Sowohl beim Frontflügel als auch beim Unterboden handelte es sich um neue Teile, die in Melbourne zum ersten Mal zum Einsatz kamen. Key zog ein positives Fazit: "Die Upgrades haben funktioniert. Vor allem der neue Frontflügel arbeitet gut. Es bleibt aber noch die Frage offen, ob wir mit dem Setup richtig auf die neuen Teile reagiert haben. Ich denke, wir hätten auf der Vorderachse mehr Abtrieb vertragen können."
Dieser Mangel an Abtrieb auf der Vorderachse äußerte sich für die Fahrer in einem nervigen Untersteuern. "Wir haben den Großteil der Zeit im letzten Sektor verloren. In Kurve 11 und den Kurven 13, 14 benötigt man eine stabile Vorderachse, um das Auto zum Einlenken zu zwingen." Im zweiten Teil des Rennens wurde die Balance etwas besser. Key vermutet, dass es mit dem zusätzlichen Gummi auf der Ideallinie zu tun haben könnte.

Nico Hülkenberg kam im Laufe des Rennens immer besser in Schwung. Ganz aus eigener Kraft hätte es aber wohl nicht für Punkte gereicht.
Key hofft auf Upgrades und Setup-Fortschritt
"Die Pace war okay. Nico konnte Stroll auf den Intermediates folgen. Und er hat die Ferrari am Ende hinter sich halten können", freute sich der Ingenieur. "Man muss aber auch sagen, dass wir noch nicht das Potenzial haben, Williams zu schlagen. Denen ist über den Winter wirklich ein guter Schritt gelungen. Tsunoda war im Quali auch stark. Auf diesem Level sind wir noch nicht ganz."
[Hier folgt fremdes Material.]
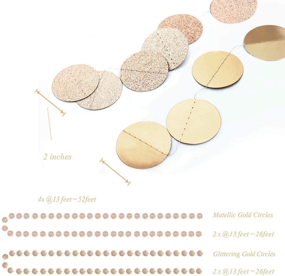 Cheerland Champagne Gold Circle Dot Garland Gold Party Decorations Hanging Banner Streamer Backdrop Decor Wedding Birthday Bday Bridal Bachelorette EID Graduation NYE New Year Eve Party Supplies Decor
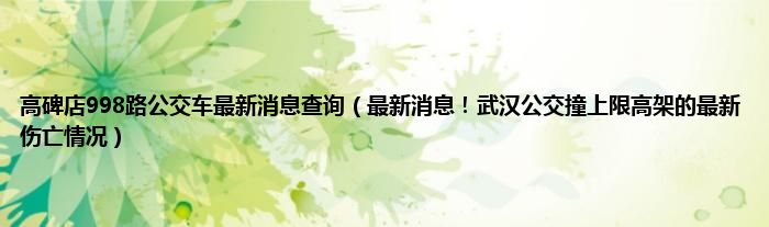 大家好,综合小编来为大家讲解下。高碑店998路公交车最新消息查询,最新消息!武汉公交撞上限高架的最新伤亡情况这个很多人还不知道,现在让我们一起来看看吧!
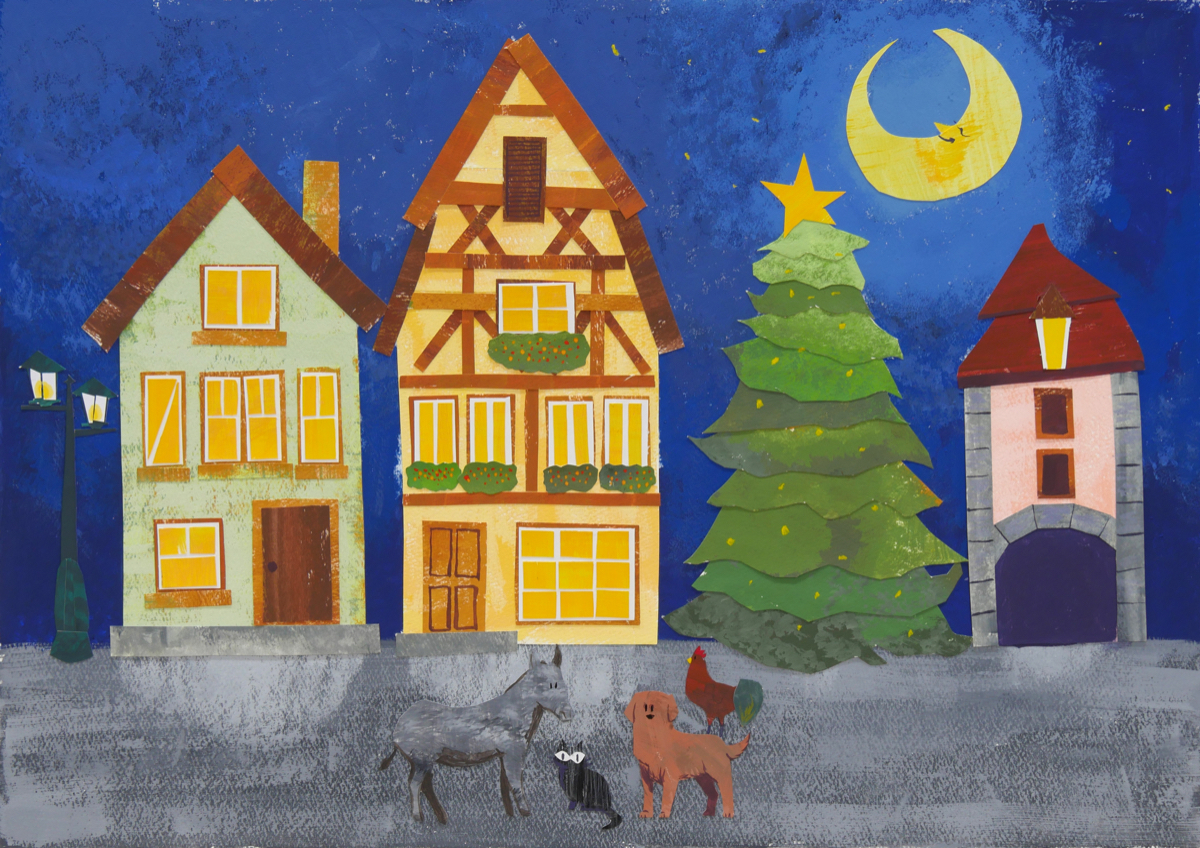 色々な素材の紙に様々な技法で色を塗り、それらを切って貼り付けることでアナログらしい絵本のような温かみのある一枚を完成させました。
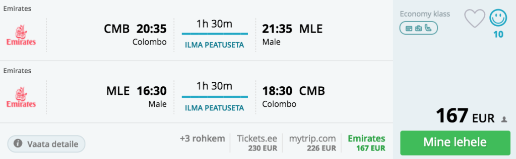 ####Idee: Külasta ühel reisil nii Sri Lankat kui MaldiiveColombo ning Male vahel lendavad mitmed full-service lennufirmad ning hetkel pakub soodsaimat hinda Emirates. Edasi-tagasi lennupiletid Colombost Malesse on saadaval 167€ eest. Parima hinnaga lennupiletid leiad üles läbi Momondo
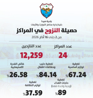 حصيلة النزوح في مراكز الإيواء 24 المعتمدة داخل المدينة 12259 نزح
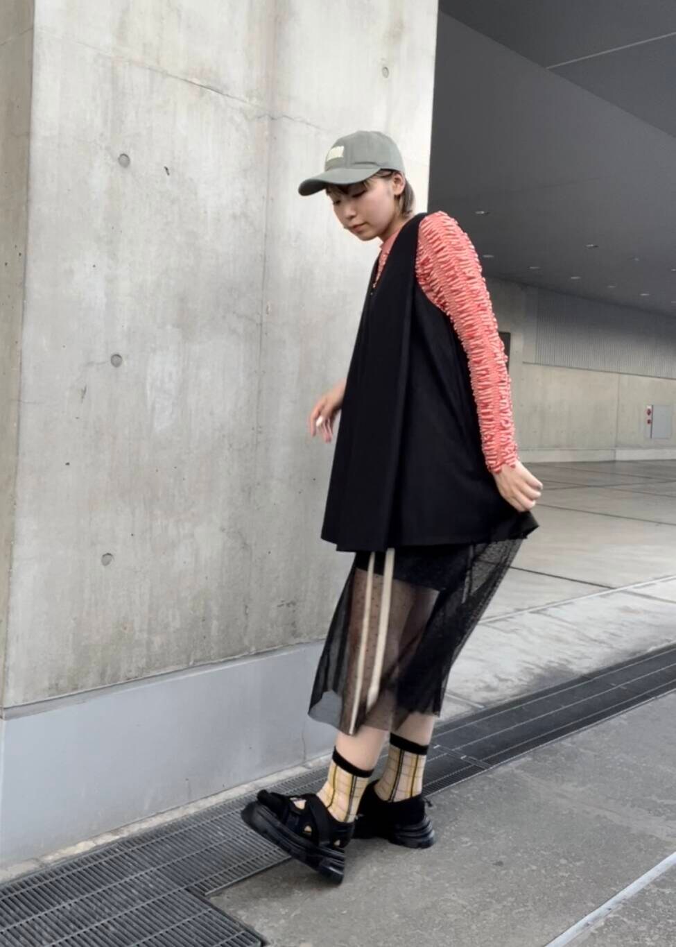 レイヤードしやすいピタッとしたトップスは一枚で着ても主役級です😶🧡

Im engen Mittelfeld-Kampf sieht Key sein Team aber nicht ohne Chancen: "Es geht nur um ein paar Zehntel. Wir können das Auto noch besser einstellen. Dann kommen in den nächsten Rennen auch noch Upgrades. Die anderen bringen natürlich auch was. Aber ich denke, dass sie nicht außer Reichweite liegen." Key gab zu, dass das Paket, das man für das erste Rennen geplant hatte, nicht komplett fertig wurde. Wie man hört, soll an den Seitenkästen noch einmal Hand angelegt werden.
Die Frage lautet, ob es schon beim China-Grand-Prix zu der erhofften Steigerung kommt. Auf der kurvigen Piste vor den Toren von Shanghai ist eine besonders starke Vorderachse und ein gut ausbalanciertes Auto gefragt. In beiden Punkten hat Sauber noch Nachholbedarf. Zu viel sollte man also trotz des gelungenen Auftakts nicht erwarten.
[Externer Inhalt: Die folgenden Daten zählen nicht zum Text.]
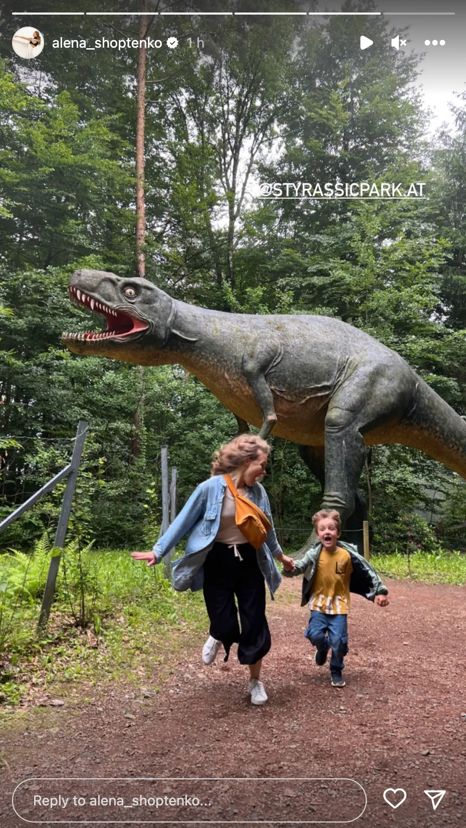 Також хореографиня сфотографувала сина біля динозаврів, а це саме те, що обожнює маленький Олексій.
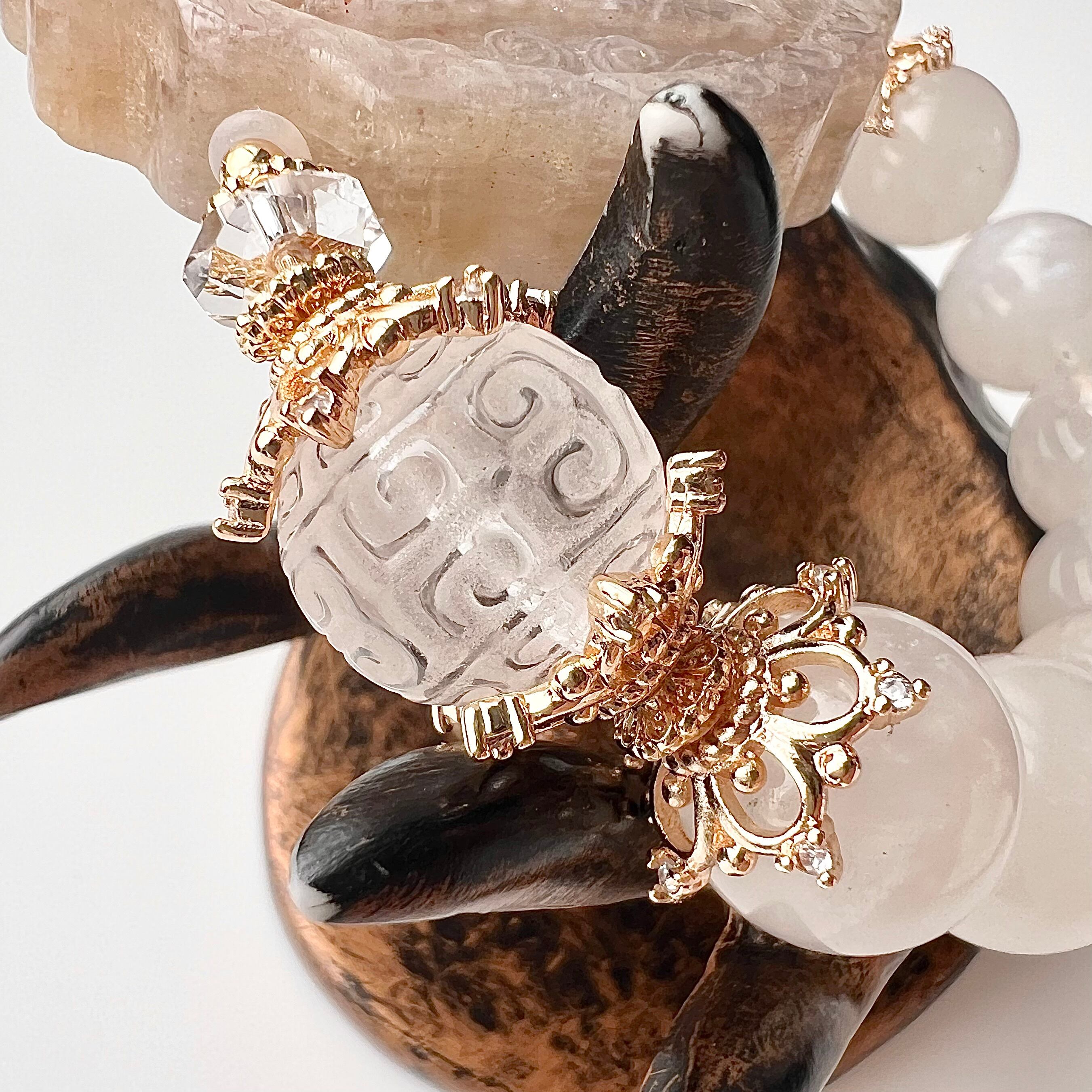 大きなバジュラ彫刻がメインのムーンストーンデザインブレスレットです

Nico Hülkenberg gibt den Sauber-Ingenieuren neue Denkanstöße, die das Team in den letzten Jahren nicht hatte.
Brillantes Hülkenberg-Feedback
Ein Sonderlob von Key bekam Neuzugang Hülkenberg für die Leistung in Melbourne. Der Technik-Chef lobt vor allem das gute Feedback, das der Routinier den Ingenieuren liefert: "Nico war bis jetzt wirklich brillant. Mit seiner Erfahrung kann er einem ganz ruhig und klar erklären, was das Auto macht. Das hilft uns extrem weiter. Er hat ein sehr gutes Gefühl dafür, was um ihn herum im Cockpit passiert. Er kann selbst kleine Details spüren und sie sehr gut vermitteln."
Offenbar lag hier auch eine Schwäche in den letzten Jahren, als noch Valtteri Bottas und Guanyu Zhou in den Sauber-Rennern saßen: "So ein gutes Fahrer-Feedback hatte das Team lange nicht", gibt Key zu. "Wir bekommen ganz frische Eindrücke. Das hat dazu geführt, dass wir jetzt in neue Richtungen blicken, an die wir vorher gar nicht gedacht hatten. Leider wird es aber noch etwas dauern, bis man das auch am Auto sieht."